→ Problem requirements
The data below should be copied out exactly, with its pictures omitted.

→ Given information
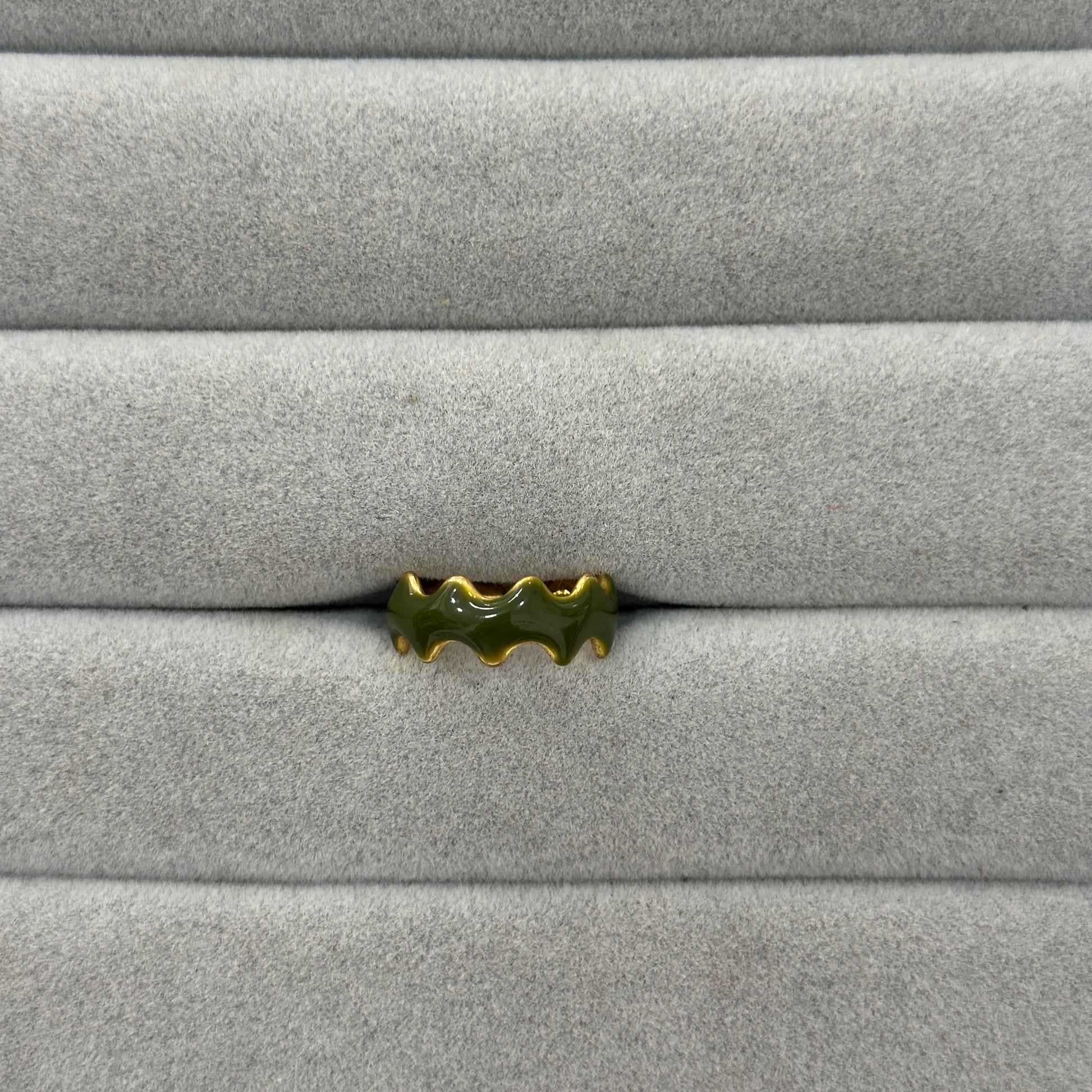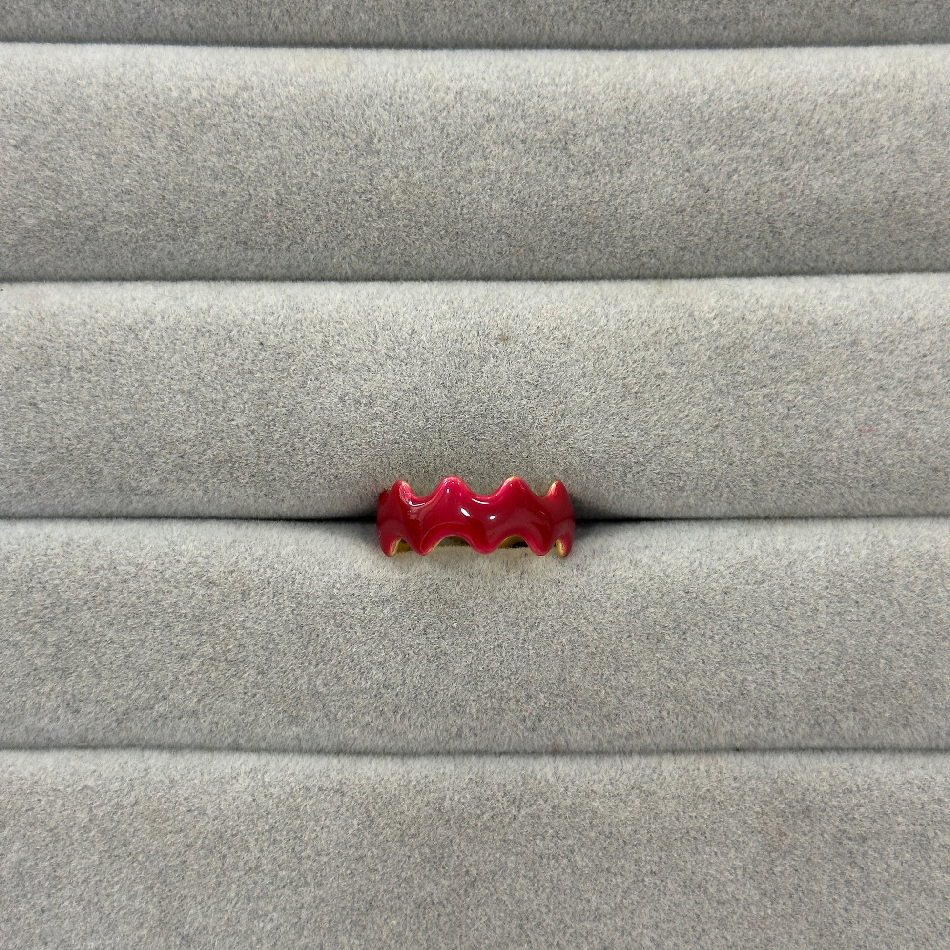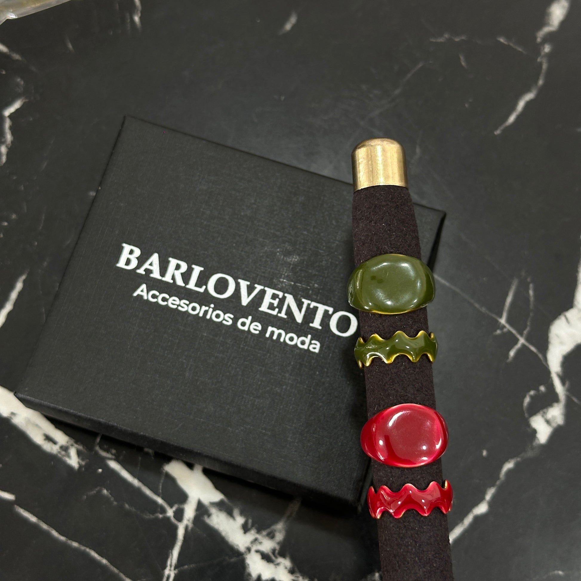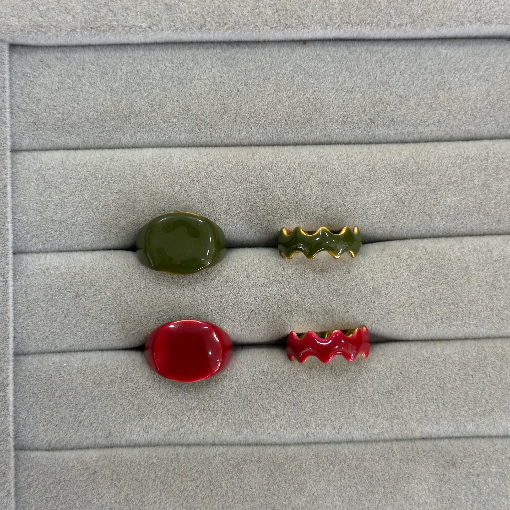 Cuatro diseños únicos en verde y rojo: dos con acabado liso tipo piedra y dos con forma ondulada. Colores vibrantes para combinar, contrastar y darle un toque original a cualquier look.
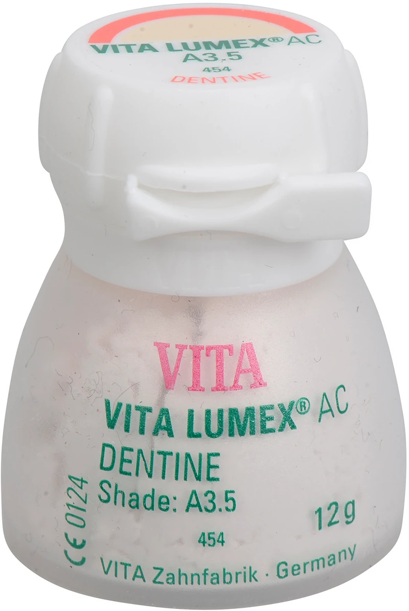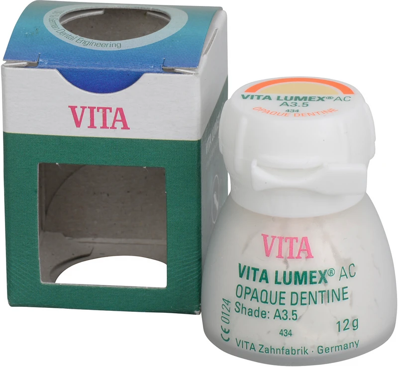 VITA LUMEX® AC ist ein leuzitverstärktes, glaskeramisches Verblendsystem mit innovativer Materialformel für farbtreue, lebendige und verlässliche Ergebnisse. VITA LUMEX AC® umfasst GINGIVA-, OPAQUE-, OPAQUE DENTINE-, DENTINE- und ENAMEL-Massen sowie vielfältige Effektmassen (z. B. OPAL TRANSLUCENT, FLUO INTENSE u.v.m.). Ideal abgestimmte Systemkompnenten wie Pinsel, Brenngutträger, Glasurmasse etc.. Vorteile
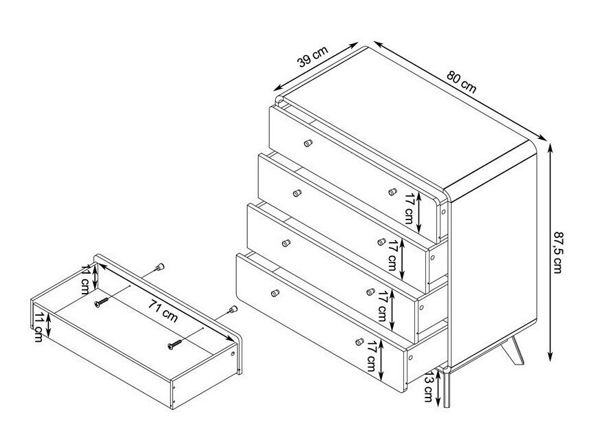 Kumodes izmēri:
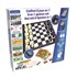 * Contenu du coffret : 1 plateau de jeu magnétique + 3 cartes de jeu double-face + 5 dés + 32 pièces d’échecs + 30 pions de dame + 34 pions de couleur
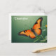 Un papillon orange et noir brillant sur un fond vert crée une belle carte de remerciement. Parfait pour tous ceux qui aiment la nature.
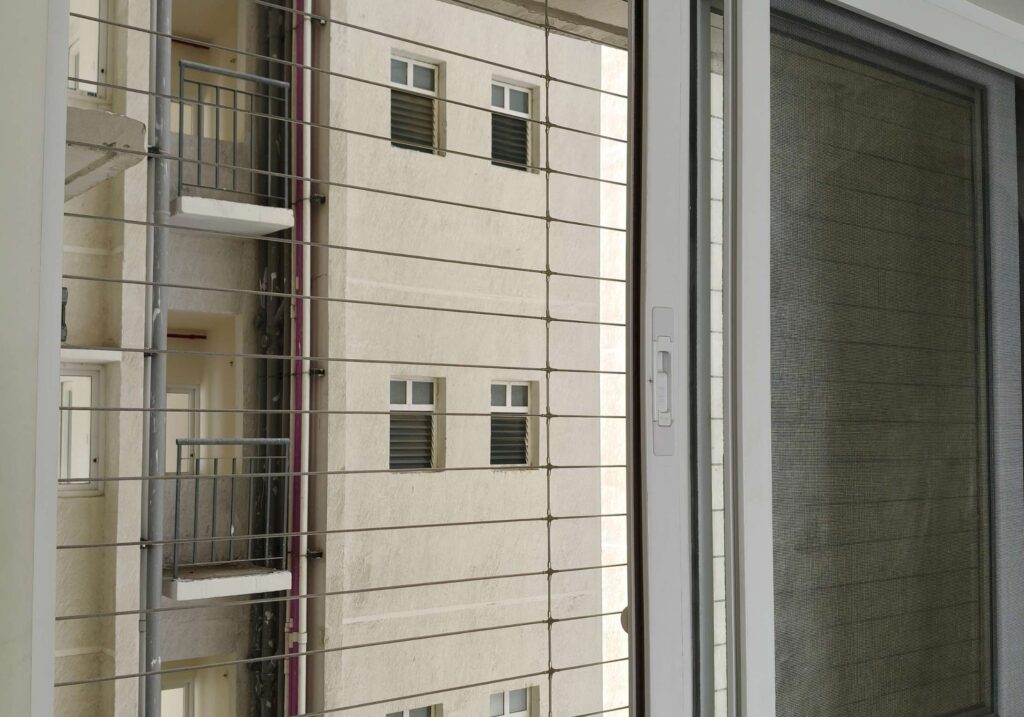 Safe & stylish Balcony solutions by Shushant Balcony Invisible Grill- Bird Netting Soultions. Premium invisible grills, pigeon nets & safety nets in Hyderabad, Bangalore, Chennai & more.
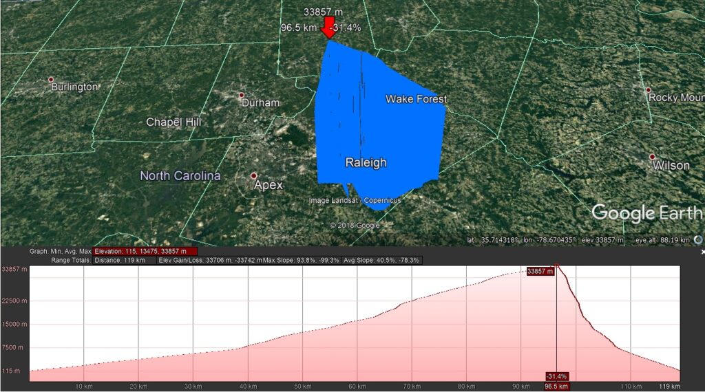 The payloads continued to scream in at 15m/s. The predicted landing zone soon updated to show Lake Benson. The chase crew noted “at least that would be safer than landing on someone.” Paul had packed waders, but he might have to swim.
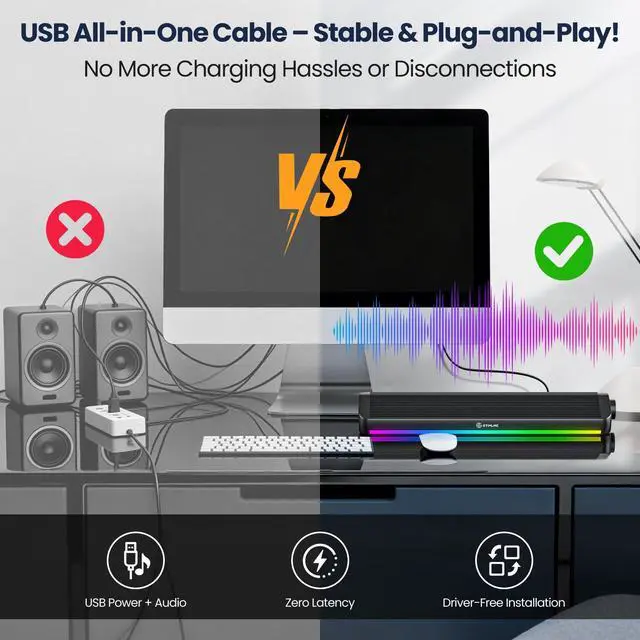 Stereo Sound Powered by upgraded 2x5W drivers, these PC speakers deliver crystal-clear audio for an immersive experience. Perfect for enjoying movies, videos, music, and games indoorselevate your desktop setup today
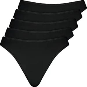 5er Pack String Tanga Mehrfarbig aus Baumwolle Stretch Unterwäsche Unterhosen Basic Mehrpack Damen, schwarz, L
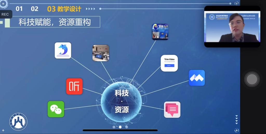 王明月老师作为团队代表进行交流汇报。汇报内容主要从“团队介绍”“课程简介”“教学设计”三个层面展开。课程及教学设计紧密围绕2022汉教英雄会活动主题“以新标准创新中文教学”,以《国际中文教育中文水平等级标准》中提倡的变革创新精神为指导,进一步结合新《标准》对高级“听”的能力的具体要求,从“理念变、方法变、内容变”三个层面,凸显“科技赋能,资源重构”“产出导向,效率提升”“润物无声,思政融入”设计亮点。
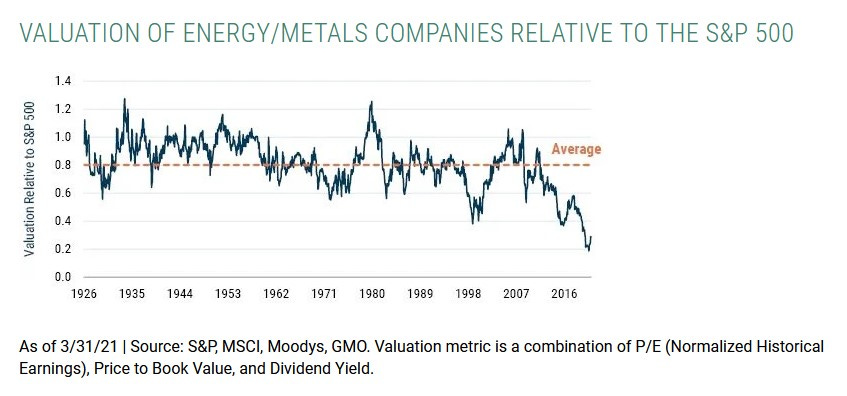 8. Commodity Stock Valuations: perhaps one of the more direct/attractive inflation hedges; commodity producers look extremely cheap vs the S&P500.
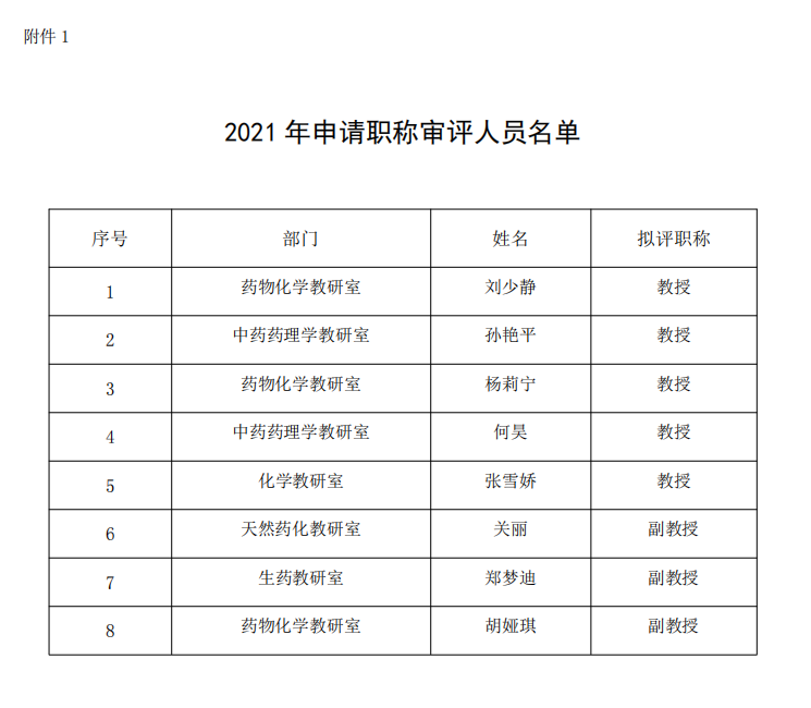 我院2021年申请职称评审材料分别通过了学校教务处、科技处、人事处及药学院教学科、党政办审核并盖章,通过的共有8名同志,具体名单见附件1(备注:人员名单按照姓氏笔画排序)。经由药学院职称工作领导小组审议通过,现予以公示,公示期3天。
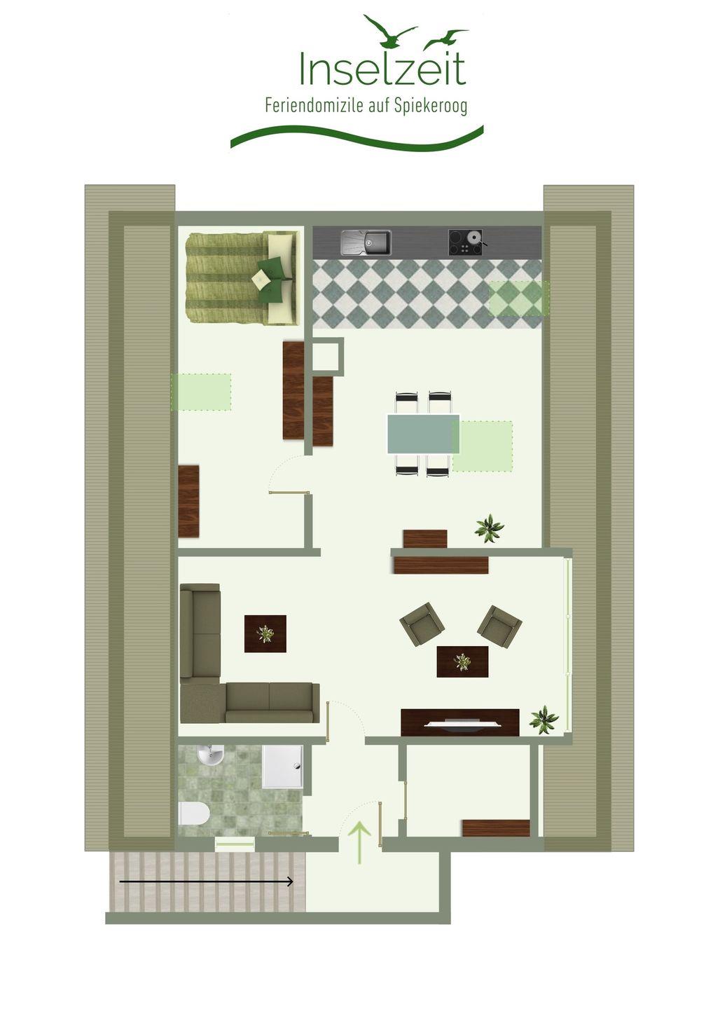 Gemütliche Ferienwohnung Am Süderloog auf Spiekeroog mit Balkon, WLAN und moderner Ausstattung, ideal für erholsame Nordseeaufenthalte.
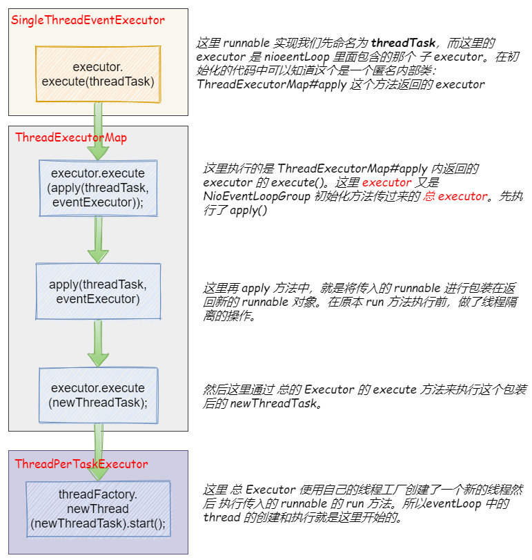 Inbound 执行过程的代码以 channelRead 为例就说到这,然后现在看着代码再结合上面的图大家应该很清楚整个执行的流程。
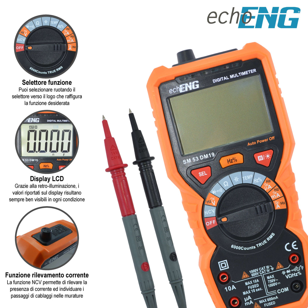 Compact Digital Multimeter – 6000 Counts TRUE RMS, Built-in Thermometer, AC/DC Voltage Measurement up to 600V, CAT IV 600V / CAT III 1000V - echoENG SM 53 DM19The echoENG SM 53 DM19 Automatic Digital Multimeter is the ideal tool for electricians, technicians, and hobbyists who seek precision, safety, and advanced features in one compact device.Thanks to its non-contact voltage detection (NCV) and LED-illuminated LCD display, this multimeter is perfect for working safely even in poorly lit environments.Key FeaturesNCV Technology (Non-Contact Voltage): detects the presence of current without direct contact, with acoustic signal and indicator LEDsImmediate signaling LEDs:Green light for resistance ≤40ΩRed light for resistance ≥40Ω–60ΩHigh-visibility LCD display with LED backlightMultifunction HOLD button to quickly save and delete data from memoryAuto Power-Off after 15 minutes of inactivityTrue RMS: maximum accuracy in reading alternating voltages and currentsIncluded AccessoriesMeasurement probesType K thermocoupleTechnical SpecificationsFeature ValueDisplay 6000 Counts, LED-backlit LCDMax input voltage 1000 VDC / 750 VACAC frequency response 40 Hz – 1 kHz True RMSVoltage range (Hz) 200 mV – 10 V ACOverload protection 600 V AC/DCOpen circuit voltage 1 VDiode open circuit voltage 3.2 VDC current 6 μA – 0.01μA / 10.00 A – 10 mA ±(1.2% reading + 3 digits)AC current 6 μA – 0.01μA / 10.00 A – 10 mA ±(1.5% reading + 3 digits)Capacitance 6 nF – 0.001 nF / 100 mF – 0.01 mF ±(5.0% reading + 3 digits)Maximum current input 600 mA AC/DC – 10 A AC/DCMeasurable temperature from -20°C to +100°C / -4°F to +1832°FSafety category 600V CAT IV – 1000V CAT IIIAutomatic shutdown After 15 minutes of inactivityNCV visual and acoustic indicator Red LED ≥40Ω–60Ω / Green LED ≤30ΩPower supply 2 x 1.5V AA batteriesDimensions 190 x 89 x 50 mm
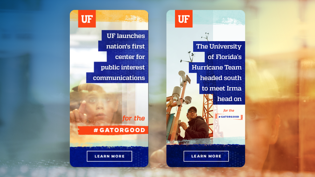 I’ve become a trusted expert on the UF visual identity system, and am regularly tapped by colleagues across campus when either the UF or UF Health visual identity requires an evolution. Most recently, I conducted and presented research on potential UF brand typefaces, and recommended a selection that was then chosen to represent the university.

→ Answer
 Cuatro diseños únicos en verde y rojo: dos con acabado liso tipo piedra y dos con forma ondulada. Colores vibrantes para combinar, contrastar y darle un toque original a cualquier look.
 VITA LUMEX® AC ist ein leuzitverstärktes, glaskeramisches Verblendsystem mit innovativer Materialformel für farbtreue, lebendige und verlässliche Ergebnisse. VITA LUMEX AC® umfasst GINGIVA-, OPAQUE-, OPAQUE DENTINE-, DENTINE- und ENAMEL-Massen sowie vielfältige Effektmassen (z. B. OPAL TRANSLUCENT, FLUO INTENSE u.v.m.). Ideal abgestimmte Systemkompnenten wie Pinsel, Brenngutträger, Glasurmasse etc.. Vorteile
 Kumodes izmēri:
 * Contenu du coffret : 1 plateau de jeu magnétique + 3 cartes de jeu double-face + 5 dés + 32 pièces d’échecs + 30 pions de dame + 34 pions de couleur
 Un papillon orange et noir brillant sur un fond vert crée une belle carte de remerciement. Parfait pour tous ceux qui aiment la nature.
 Safe & stylish Balcony solutions by Shushant Balcony Invisible Grill- Bird Netting Soultions. Premium invisible grills, pigeon nets & safety nets in Hyderabad, Bangalore, Chennai & more.
 The payloads continued to scream in at 15m/s. The predicted landing zone soon updated to show Lake Benson. The chase crew noted “at least that would be safer than landing on someone.” Paul had packed waders, but he might have to swim.
 Stereo Sound Powered by upgraded 2x5W drivers, these PC speakers deliver crystal-clear audio for an immersive experience. Perfect for enjoying movies, videos, music, and games indoorselevate your desktop setup today
 5er Pack String Tanga Mehrfarbig aus Baumwolle Stretch Unterwäsche Unterhosen Basic Mehrpack Damen, schwarz, L
 王明月老师作为团队代表进行交流汇报。汇报内容主要从“团队介绍”“课程简介”“教学设计”三个层面展开。课程及教学设计紧密围绕2022汉教英雄会活动主题“以新标准创新中文教学”,以《国际中文教育中文水平等级标准》中提倡的变革创新精神为指导,进一步结合新《标准》对高级“听”的能力的具体要求,从“理念变、方法变、内容变”三个层面,凸显“科技赋能,资源重构”“产出导向,效率提升”“润物无声,思政融入”设计亮点。
 8. Commodity Stock Valuations: perhaps one of the more direct/attractive inflation hedges; commodity producers look extremely cheap vs the S&P500.
 我院2021年申请职称评审材料分别通过了学校教务处、科技处、人事处及药学院教学科、党政办审核并盖章,通过的共有8名同志,具体名单见附件1(备注:人员名单按照姓氏笔画排序)。经由药学院职称工作领导小组审议通过,现予以公示,公示期3天。
 Gemütliche Ferienwohnung Am Süderloog auf Spiekeroog mit Balkon, WLAN und moderner Ausstattung, ideal für erholsame Nordseeaufenthalte.
 Inbound 执行过程的代码以 channelRead 为例就说到这,然后现在看着代码再结合上面的图大家应该很清楚整个执行的流程。
 Compact Digital Multimeter – 6000 Counts TRUE RMS, Built-in Thermometer, AC/DC Voltage Measurement up to 600V, CAT IV 600V / CAT III 1000V - echoENG SM 53 DM19The echoENG SM 53 DM19 Automatic Digital Multimeter is the ideal tool for electricians, technicians, and hobbyists who seek precision, safety, and advanced features in one compact device.Thanks to its non-contact voltage detection (NCV) and LED-illuminated LCD display, this multimeter is perfect for working safely even in poorly lit environments.Key FeaturesNCV Technology (Non-Contact Voltage): detects the presence of current without direct contact, with acoustic signal and indicator LEDsImmediate signaling LEDs:Green light for resistance ≤40ΩRed light for resistance ≥40Ω–60ΩHigh-visibility LCD display with LED backlightMultifunction HOLD button to quickly save and delete data from memoryAuto Power-Off after 15 minutes of inactivityTrue RMS: maximum accuracy in reading alternating voltages and currentsIncluded AccessoriesMeasurement probesType K thermocoupleTechnical SpecificationsFeature ValueDisplay 6000 Counts, LED-backlit LCDMax input voltage 1000 VDC / 750 VACAC frequency response 40 Hz – 1 kHz True RMSVoltage range (Hz) 200 mV – 10 V ACOverload protection 600 V AC/DCOpen circuit voltage 1 VDiode open circuit voltage 3.2 VDC current 6 μA – 0.01μA / 10.00 A – 10 mA ±(1.2% reading + 3 digits)AC current 6 μA – 0.01μA / 10.00 A – 10 mA ±(1.5% reading + 3 digits)Capacitance 6 nF – 0.001 nF / 100 mF – 0.01 mF ±(5.0% reading + 3 digits)Maximum current input 600 mA AC/DC – 10 A AC/DCMeasurable temperature from -20°C to +100°C / -4°F to +1832°FSafety category 600V CAT IV – 1000V CAT IIIAutomatic shutdown After 15 minutes of inactivityNCV visual and acoustic indicator Red LED ≥40Ω–60Ω / Green LED ≤30ΩPower supply 2 x 1.5V AA batteriesDimensions 190 x 89 x 50 mm
 I’ve become a trusted expert on the UF visual identity system, and am regularly tapped by colleagues across campus when either the UF or UF Health visual identity requires an evolution. Most recently, I conducted and presented research on potential UF brand typefaces, and recommended a selection that was then chosen to represent the university.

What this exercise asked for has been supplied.